Just kidding, just kidding!!! 😂😂😂
_
On a serious note, this conversation has taken such an interesting and important, turn! There really does need to be more of a push to create alternate standard sizes for the instrument. I’ve always had large hands - even as a preteen, I could comfortably span a 10th. So I never had this issue. BUT, I have great empathy, because I would see it all the time with two of my fellow students who had smaller hands. I could see how challenging it was for them: not just challenging to find repertoire to play, but emotionally challenging. I remember them really being so sad sometimes because they were really passionate about playing and there were pieces they truly wanted to play…but couldn’t. There was such a look of heartbreak on their faces when they’d hear a piece they loved, but then look at the sheet music and see too many chords or stretches beyond an octave, or find out there were parts where substitutions or leaving out notes simply wasn’t a feasible solution.
I also remember realizing how deep it must’ve impacted them when I saw a video, over on PW I believe, of a young lady trying a piano with narrower keys, and being able, for the first time, to play some of the pieces she desperately wanted to play with ease. She, literally, had tears in her eyes/was crying over it. It was such an emotional moment. And how many are there out there who experience, feel, and suppress such emotion; loving an instrument so desperately, but having, not a limitation of imagination, but a limitation of their own physical form - the very tool through which they manipulate the instrument.
And I think that the ignorance I had initially is the same ignorance that many in the piano world have and even lean into. People with smaller hands are sort of culled out of the field early on by teachers who just don’t want to take the time with them and an industry that doesn’t want to put the time into solutions. So, people don’t really pay attention to the fact that this problem exists and, yet, is easily solvable.
I do believe that creating pianos with different standard sizes is not only doable and feasible in today’s day and age, but also easily accomplishable. It just has to be a priority. And unfortunately, the exclusivity attitude of the field leans into a “meet the standard” not “build the standard around all” rule.
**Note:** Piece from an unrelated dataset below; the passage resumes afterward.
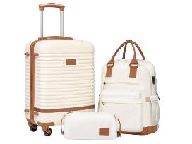 Travel in style with this premium Coolife 3-Piece Travel Set, complete with a matching 20" hardshell carry-on suitcase, travel backpack, and toiletry organizer, and a hanging toiletry bag-a total package valued at $120!

I think it’s just a matter of find two or three smaller alternate sizes, standardizing them, and building around those standards. Some of the smaller/narrower actions that exist out there don’t even require much change beyond the key sticks. This is an easy fix. People just have to make more of a fuss - and in a world where inclusivity and care for the diffferently-abled is increasingly at the forefront, I don’t see why this can’t become a standard.